→ **Stored items from a collection**:
_ _ _

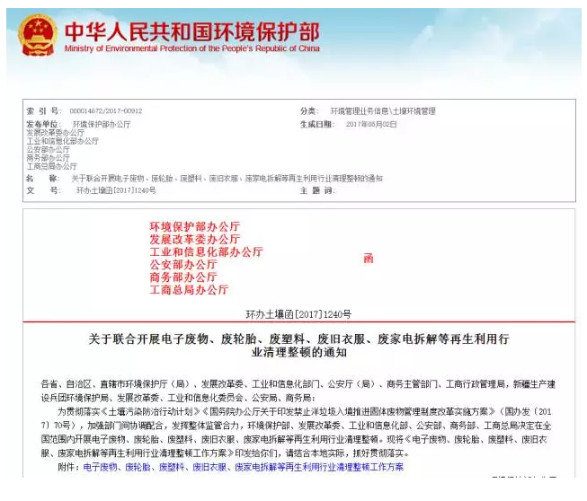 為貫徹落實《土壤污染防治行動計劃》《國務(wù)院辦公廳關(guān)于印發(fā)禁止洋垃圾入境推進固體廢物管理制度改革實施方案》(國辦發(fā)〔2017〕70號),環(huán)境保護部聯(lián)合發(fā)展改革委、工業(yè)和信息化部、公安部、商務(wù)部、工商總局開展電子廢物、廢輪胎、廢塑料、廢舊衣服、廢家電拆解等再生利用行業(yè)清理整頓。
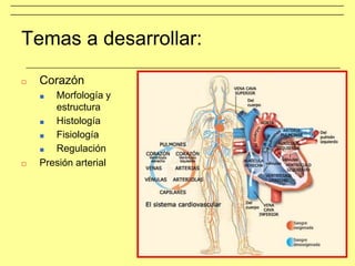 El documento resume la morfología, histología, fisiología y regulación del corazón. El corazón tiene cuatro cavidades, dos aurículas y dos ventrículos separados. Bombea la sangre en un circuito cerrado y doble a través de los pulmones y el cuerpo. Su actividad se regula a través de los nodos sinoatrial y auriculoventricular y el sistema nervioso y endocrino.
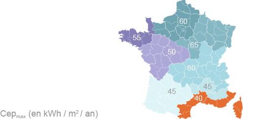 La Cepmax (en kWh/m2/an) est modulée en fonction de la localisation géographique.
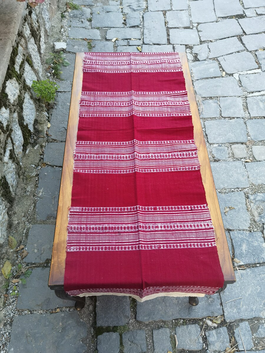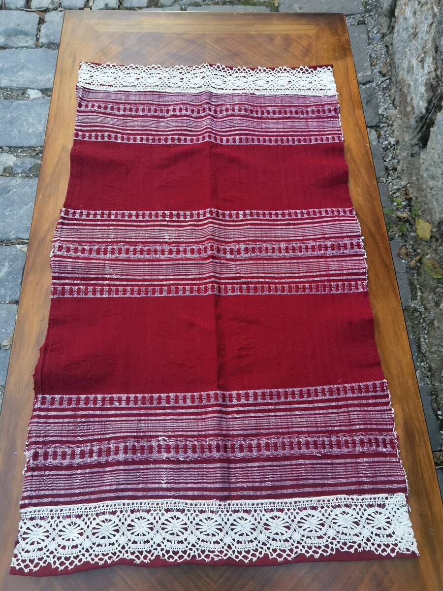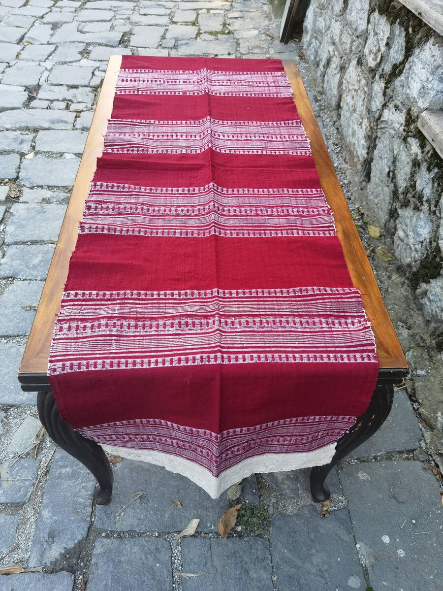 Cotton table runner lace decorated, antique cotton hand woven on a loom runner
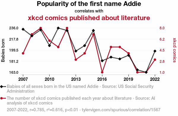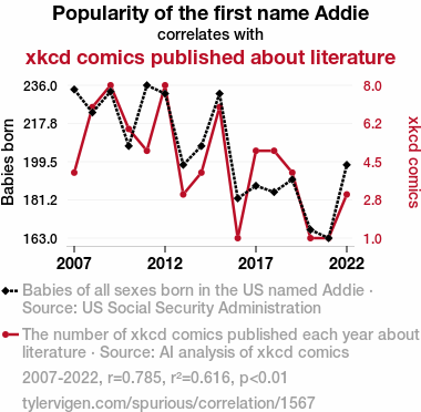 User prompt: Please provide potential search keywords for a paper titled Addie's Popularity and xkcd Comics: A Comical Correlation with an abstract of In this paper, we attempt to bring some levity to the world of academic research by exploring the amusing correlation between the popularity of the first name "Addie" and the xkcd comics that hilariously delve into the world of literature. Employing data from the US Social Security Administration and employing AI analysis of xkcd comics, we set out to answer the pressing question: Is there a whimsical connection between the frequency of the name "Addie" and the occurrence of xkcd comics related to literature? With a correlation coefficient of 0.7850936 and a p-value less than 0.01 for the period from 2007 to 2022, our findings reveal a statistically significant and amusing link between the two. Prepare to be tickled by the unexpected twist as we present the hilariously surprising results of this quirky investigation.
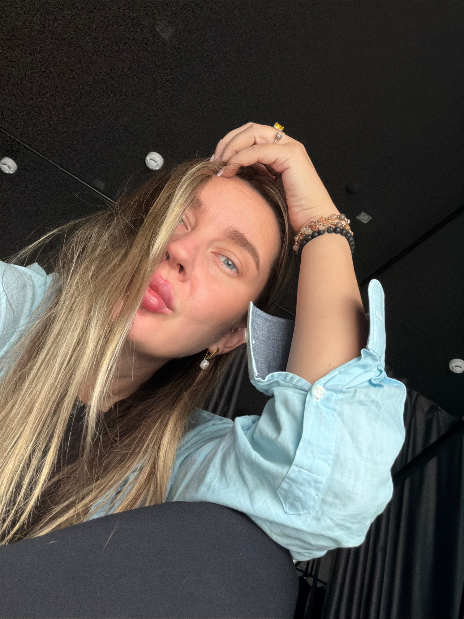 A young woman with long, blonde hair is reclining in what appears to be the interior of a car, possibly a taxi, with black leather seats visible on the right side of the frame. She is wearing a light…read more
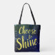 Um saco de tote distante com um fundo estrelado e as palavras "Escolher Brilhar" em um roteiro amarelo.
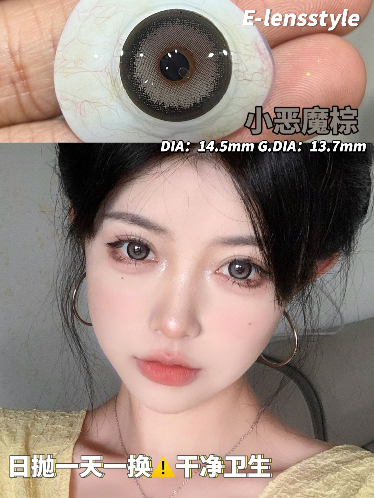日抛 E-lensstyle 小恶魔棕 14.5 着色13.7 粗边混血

_ _ _

→ **TASK ITEM**: Set the pictures aside and repeat only the lines from the one containing "Um saco de tote" through the last line of the entries above, exactly as they stand.

→ **OUTPUT FOR THIS TASK**:
 Um saco de tote distante com um fundo estrelado e as palavras "Escolher Brilhar" em um roteiro amarelo.
日抛 E-lensstyle 小恶魔棕 14.5 着色13.7 粗边混血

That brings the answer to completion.